The yield spread does not show a technical pattern of the same quality as in the yield chart seen above, but I am interpreting the yield spread chart as showing an ascending triangle pattern. The pattern is derived by drawing a horizontal resistance level via the May 29, August 16, and September 3 highs, and by linking the July 23, and September 26 lows. The target is obtained by adding the difference between the July 23 low, and the horizontal resistance level, to the September 3 high, and by doing this, we derive a target of 3.73%, a level not too far away from the 2011 crisis level of 5.39%.

Spread Italian – German Ten-year Government Bond Yields

Implications for the EURUSD

In late September, the EURUSD started to turn lower from about the 1.1750 level, as headlines about the Italian government’s intentions were picked up by mainstream media, and as the Italian government finally announced its plans.

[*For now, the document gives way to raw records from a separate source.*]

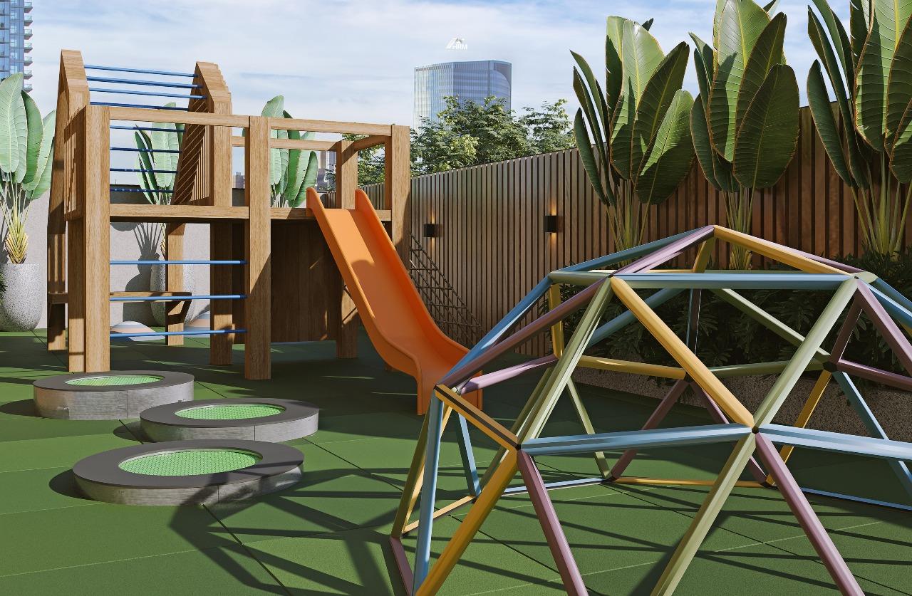 O empreendimento é completo em lazer: academia equipada, brinquedoteca e áreas de convivência como estár social e hall de entrada decorado e mobiliado, criando ambientes acolhedores para você e sua família. A infraestrutura também inclui interfone e medidores individuais de água, luz e gás, garantindo autonomia e conforto.
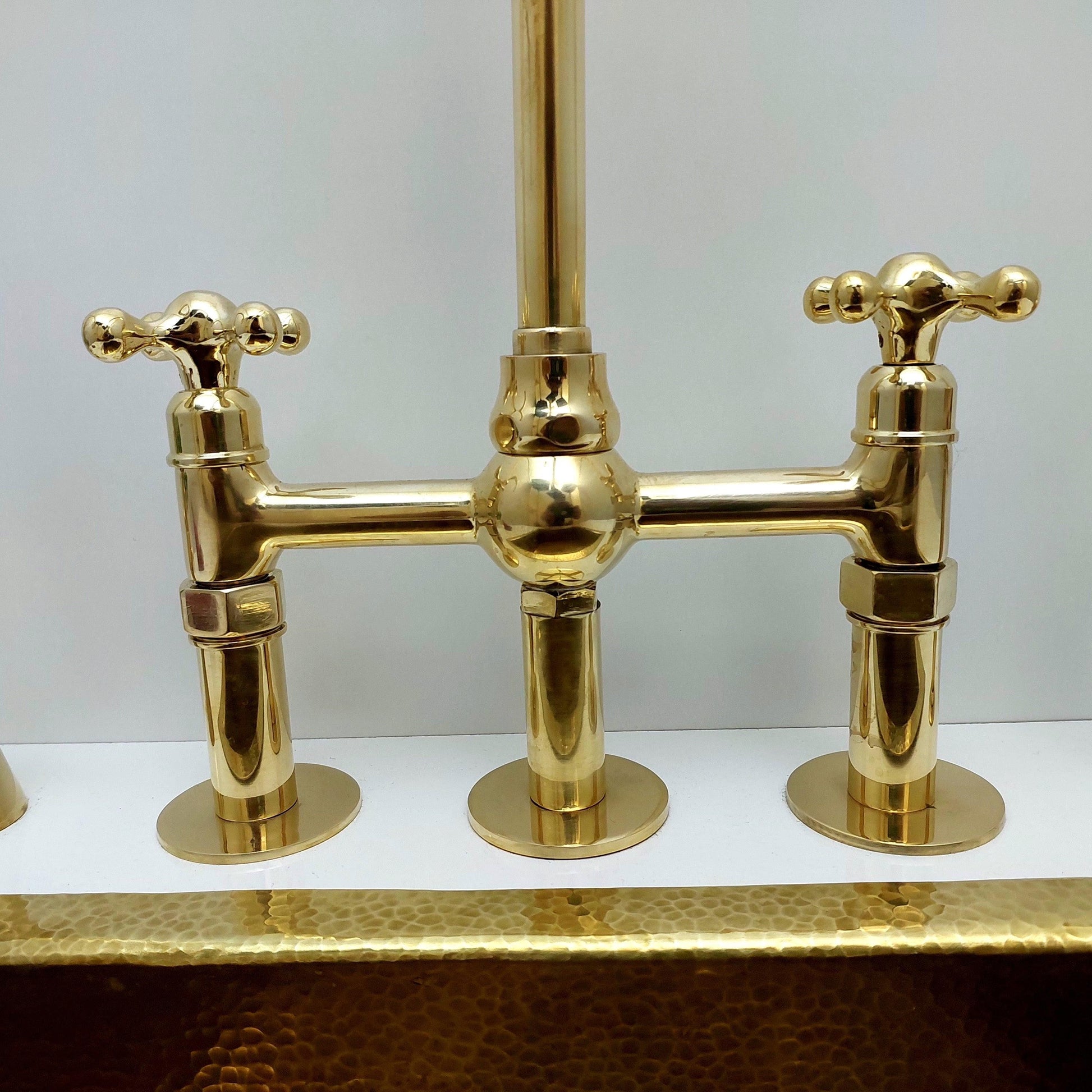Unlacquered Brass Bridge Kitchen Faucet With Ball Center, 3 Straight Legs, And Cross Handles - 8" Spread - Ref: APC-4
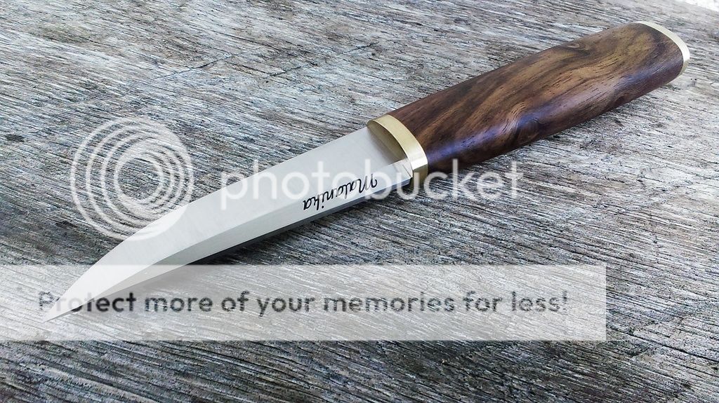 Rhombic cross section blade is in CPM M4 steel,heat treated by peters ht to 63,with cryo. Cutting edge is 3.75" , thickness 0.17"
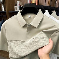 锦氨提花拼接无痕短袖polo衫男2026夏季新款冰丝纯色透气男士T恤

A few days later, the EURUSD breached the multi-month range of 1.1506 – 1.1817. I turned bearish, following the break to the range, and I said I would remain bearish as long as the price traded below the breakout candle high at 1.1594. Since then the price corrected higher but sold off as projected, and today the price traded to a new monthly low.  As I suspect Italian government bond yields will continue to gain, I think this will further soften the Euro.

Going forward, I suspect that any retests of the breakdown level at 1.1506 will probably be met by sellers with stops just above Friday’s high of 1.1549, and their aims set on the August low of 1.13.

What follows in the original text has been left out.